I like adding small amounts of dye in one jar and slightly increase the amount of dye in subsequent jars to get different shades of the same color.
You can also blend colors. Use a small amount of one color to several jars. Add different colors to some, more of the same dye to some and you will get a nice blend of colors that go well together.

 

·      Use a large dyeing pot with a stainless steel steaming basket in the bottom. As this is a steam dyeing process, the basket keeps the fiber off the bottom of the pot and prevents scorching. Place enough water in the pot to come up to the bottom of the steam basket.
Place a layer of fiber on top o the steamer basket (regardless of the type of fiber being used.) Then, sprinkle dry dye over the fiber. (Remember, it needs to be wet!) Add another layer of fiber, more dye, and repeat until the pot is full or you are out of fiber! I can get a full medium sized fleece in a single pot.
You can either use a single color or multiple colors. When using multiple colors, either divide the dyes as in a pie chart or randomly sprinkle dye powder as you go. The color charts below will help you understand how the colors will blend. I prefer to have the dye color show in a large triangle in a pie chart lay-out and use colors that will allow a pleasant blend of colors where they overlap.
When steaming, use a spoon or chop-stick to periodically push the fiber around to further blend the colors as desired. Also add more water periodically to prevent the pot from going dry. I sometimes pour the water through the top of the fiber to help blend colors.
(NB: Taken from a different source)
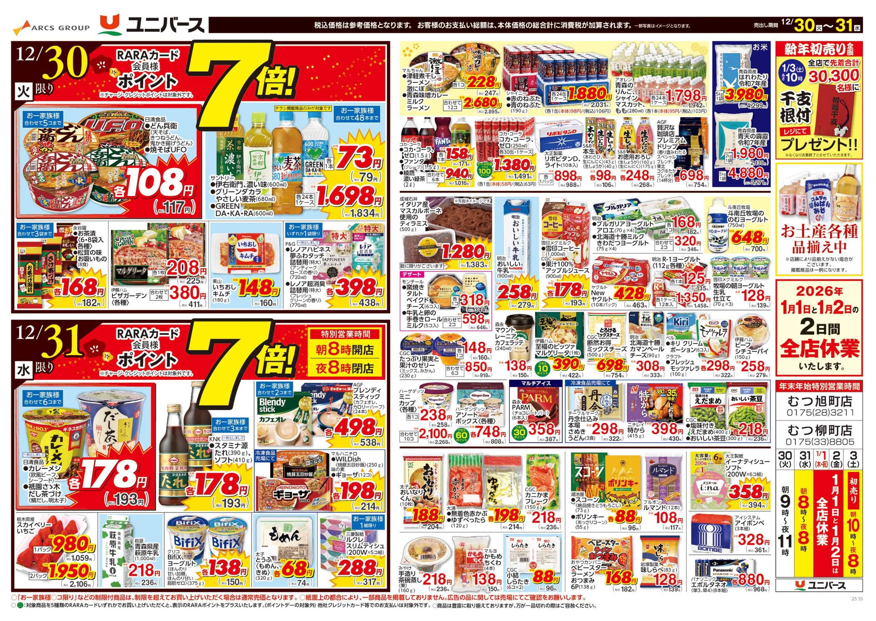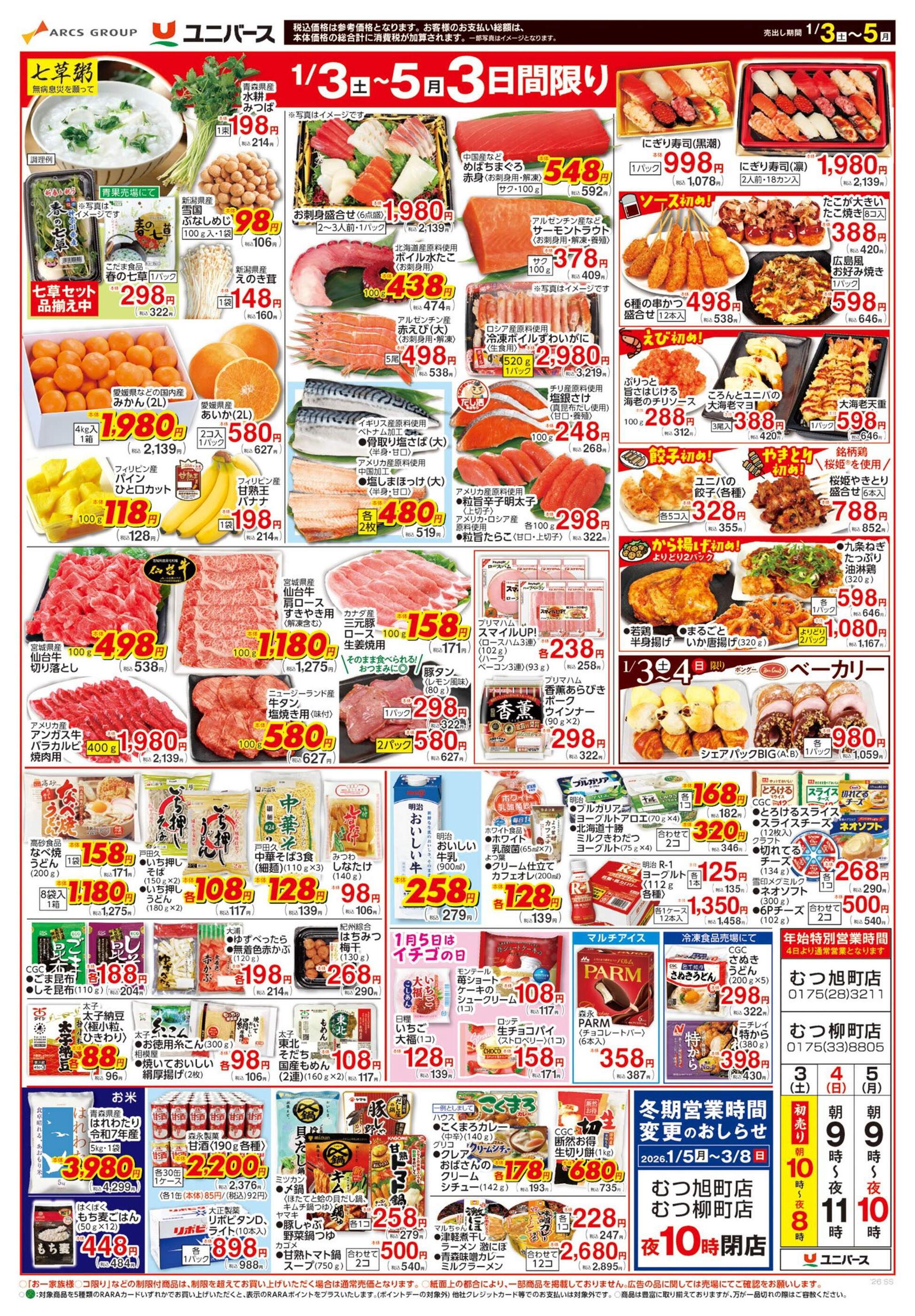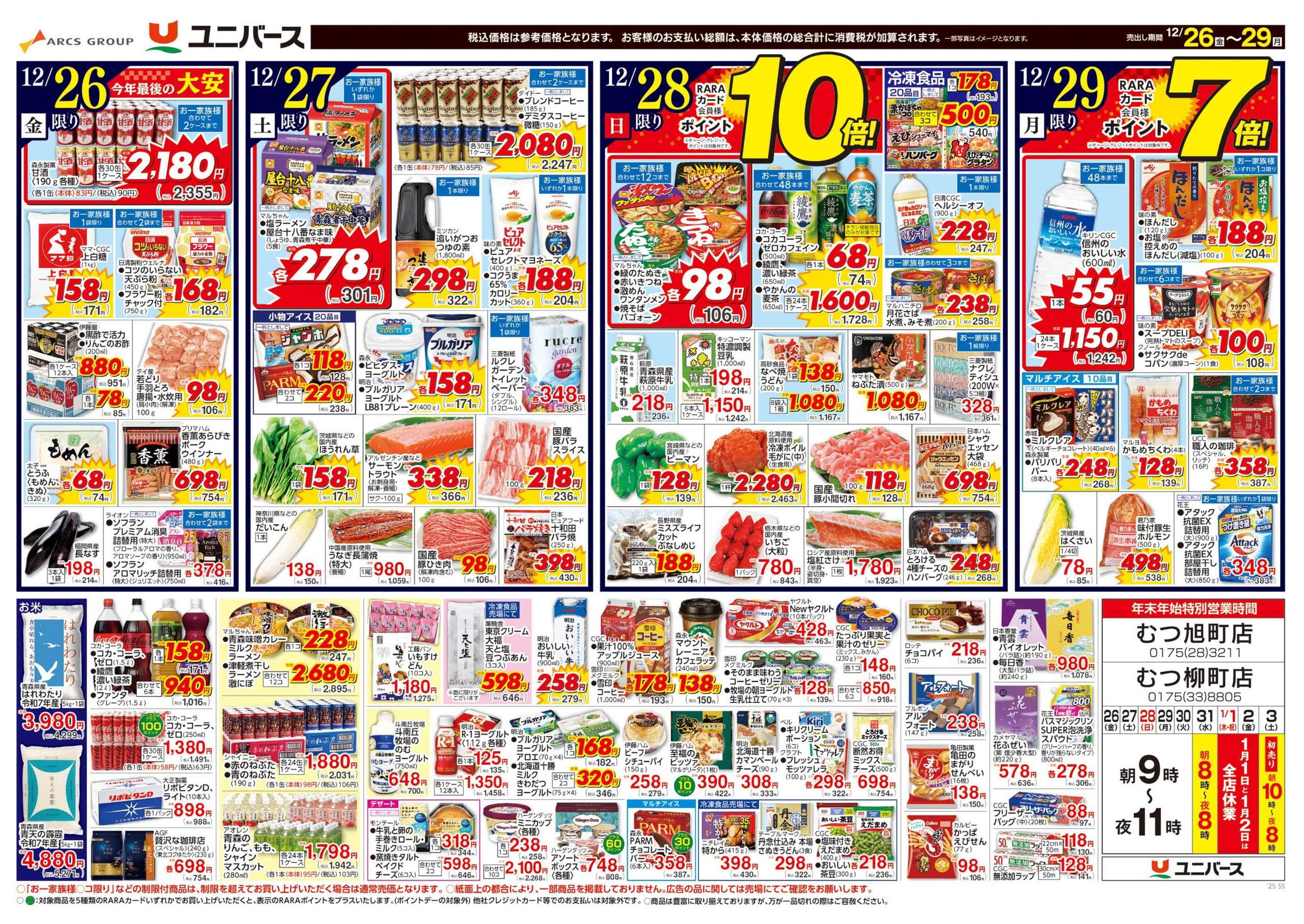 ユニバースむつ旭町店今週のチラシ(2025年12月29日〜1月4日)

Steam for about 45 minutes.
If you steam roving, work the fiber a bit less. You also can dye yarn this way either in the skein or the ball. A ball wound on a ball winder is more open at the center, allowing more dye to saturate the yarn.

·       Another variation on steam dyeing is to squirt liquid dye (Jacquard Acid Dye mixed in water) over the layers of fiber/yarn/roving. Use the same pie chart technique to divide the colors into 2, 3 or more colors. The liquid dye disburses throughout the fiber more than the powdered dye and you will get more color blending. I use the squeeze bottles listed under equipment, #5.

MICROWAVE

This is fast and works well especially for roving since you don’t work the fiber much.

1.      Lay down several long sheets of plastic wrap. Make sure they overlap well so the dye doesn’t leak out between the seams.

2.    Put your fiber on top of the plastic wrap. Roving & yarn can be placed along the length of the plastic wrap so you get distinct stripes with the dyes.

3.     Sprinkle with powdered dye or liquid dye.

4.     Fold the long sides over the fiber first. Then, roll the plastic from one long end to the other as if you were making a cinnamon roll.

5.    Place the plastic wrapped package in a microwave safe bowl (used only for dyeing) and place in a microwave. I also have a microwave that I use ONLY for dyeing.

6.     Set the microwave on high for 2 minutes and cook. Let it sit for 2 minutes (rest) then cook for 2 more minutes. Repeat until it has cooked for 6 minutes and rested for 6 minutes.

7.     Your dye will not exhaust with this method. Left over dye in the bottom of the dish can be used to dye more fiber.

 WRAP UP

Whatever your method, wet the fiber first for the most color saturation, and don’t forget to use vinegar and adequate heat to set the color.

 

AFTER DYEING - Always wash the fiber well to remove any remaining dye residue. This will also remove all remaining dirt (if the fiber was dyed raw) and eliminate dye bleed in the fiber. The fiber can be washed immediately after dyeing. No need to let it dry before washing.